From competing on "So You Think You Can Dance" to performing on "Dancing with the Stars" for seven seasons (and earning an Emmy nomination for her work on the latter), Chelsie Hightower has lived the pro dance dream. Though Hightower retired from "DWTS" several years ago and now teaches and choreographs in her home state of Utah, she admits that her dance career exceeded even her own high expectations. "I've accomplished things that I didn't know were possible," she says.
But most fans of "DWTS" would never have guessed that while filming, the talented and seemingly fearless ballroom pro was facing her fiercest competitor off-camera. Hightower has struggled with anxiety for most of her life, but the issue became especially severe during her years on the show.
With the help of therapy and other coping exercises, Hightower has found healthy ways to manage her anxiety. Now, she hopes that sharing her experience will inspire other dancers struggling with mental illness to get help.
When did you first start noticing your anxiety?
I had terrible performance anxiety when I was competing in ballroom as a kid. I'd be up all night before certain competitions because I was so anxious about the next day. I also struggled with social anxiety. Then, when I moved to L.A. and began performing on "Dancing with the Stars," it hit me really hard. But until I started going to therapy, I didn't recognize what those feelings even were. Until then, I had no idea what was going on. It was just mental chaos, and it was terrifying and isolating because I felt like no one else could understand what I was feeling.
Can you tell us about your anxiety during your time on "DWTS"?
When I moved to L.A. at 19, I felt like I really had a handle on things. Then, within the first few days of moving, I started feeling the anxiety return. I remember thinking, "Oh my gosh, this can't be coming back. This can't happen again." It hit me when I wasn't expecting it, and there was this panic that I hadn't felt before.
Those first couple of weeks in L.A., I couldn't eat or sleep. I tried to find someone who could help me understand what was going on. I spoke to a counselor who said she thought I was experiencing situational anxiety. But I was young and couldn't accept that reality at that time. I told myself these thoughts were a challenge I had to learn to overcome by myself.
Over the next five years, I dealt with anxiety on and off. There were times within that period when it got so bad I'd just look forward to the end of the day so I could go to sleep and not feel things. After my five-year run on "DWTS," I finally moved home and started seeing a therapist and getting the help I needed to manage those feelings.
How did your anxiety affect your dancing?
It was exhausting. It's hard to stay motivated and push through the pressure of dancing on national TV when you're not OK on the inside. I kind of turned into a machine—I wouldn't allow myself to feel too much because I feared my anxiety would come back.
What have you found are the best ways to cope with anxiety?
I'm the biggest proponent of therapy.

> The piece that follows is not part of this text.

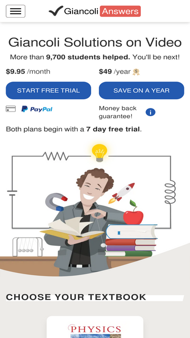 89%giancoli 7th and 6th edition solutions on video for physics: principals with applications. step by step solution manual created by an expert physics teacher.

I love it. It's helped me work through a lot, especially things that might trigger those thoughts and feelings. I also use visualization techniques to push through my anxiety. Sometimes I'll imagine a lasso and I'll wrap all my thoughts up in the lasso and then I'll see myself throw away the lasso, so all of those thoughts get smaller and smaller, until they're out of sight.

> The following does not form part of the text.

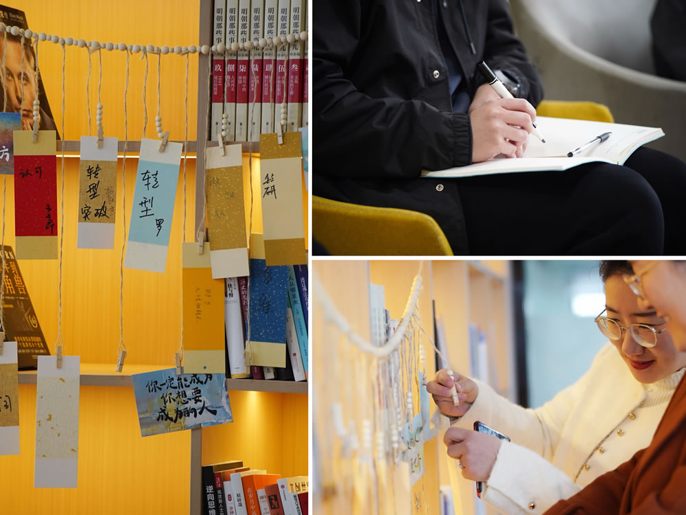 活動(dòng)開(kāi)場(chǎng)后,每位參與者以“2025年最想突破的職場(chǎng)關(guān)鍵詞”為引,寫(xiě)下新年的成長(zhǎng)期許?;厥?shū)友們將關(guān)鍵詞書(shū)簽懸掛于讀書(shū)室主題墻,再以"可落地行動(dòng)項(xiàng)+計(jì)劃閱讀書(shū)目"構(gòu)建年度閱讀企劃。

Relaxation is another coping technique that helps. As dancers we can get so caught up with constantly working towards something. But sometimes I'll just sit on my couch and put my phone away and enjoy the moment. Being able to release your mind and get to a place where you're not having to think too hard or worry is really important.
What are misconceptions people have about anxiety?

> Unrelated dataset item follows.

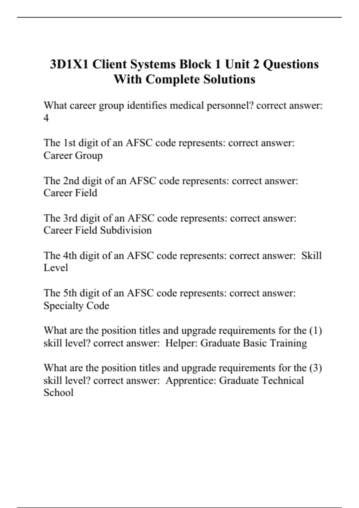 3D1X1 Client Systems Block 1 Unit 2 Questions With Complete Solutions

Something to be aware of is that anxiety is never won and done. It's something you figure out how to manage on a daily basis. As you get stronger, you can get to a point where you overcome it in certain settings or circumstances, but there are a lot of things that can bring it back.
What advice do you have for young dancers who might be dealing with anxiety?
Don't let it stop you from doing what you want to do. The road might be a little bit harder, but it's going to be worth it. The dance world forces you to address those feelings of fear and insecurity head on—it's a world full of judgment and competition. But once you learn to cope with those feelings, your struggle will make you stronger. In an atmosphere where people can crumble easily because of the pressure, you can potentially be the strongest person in the room.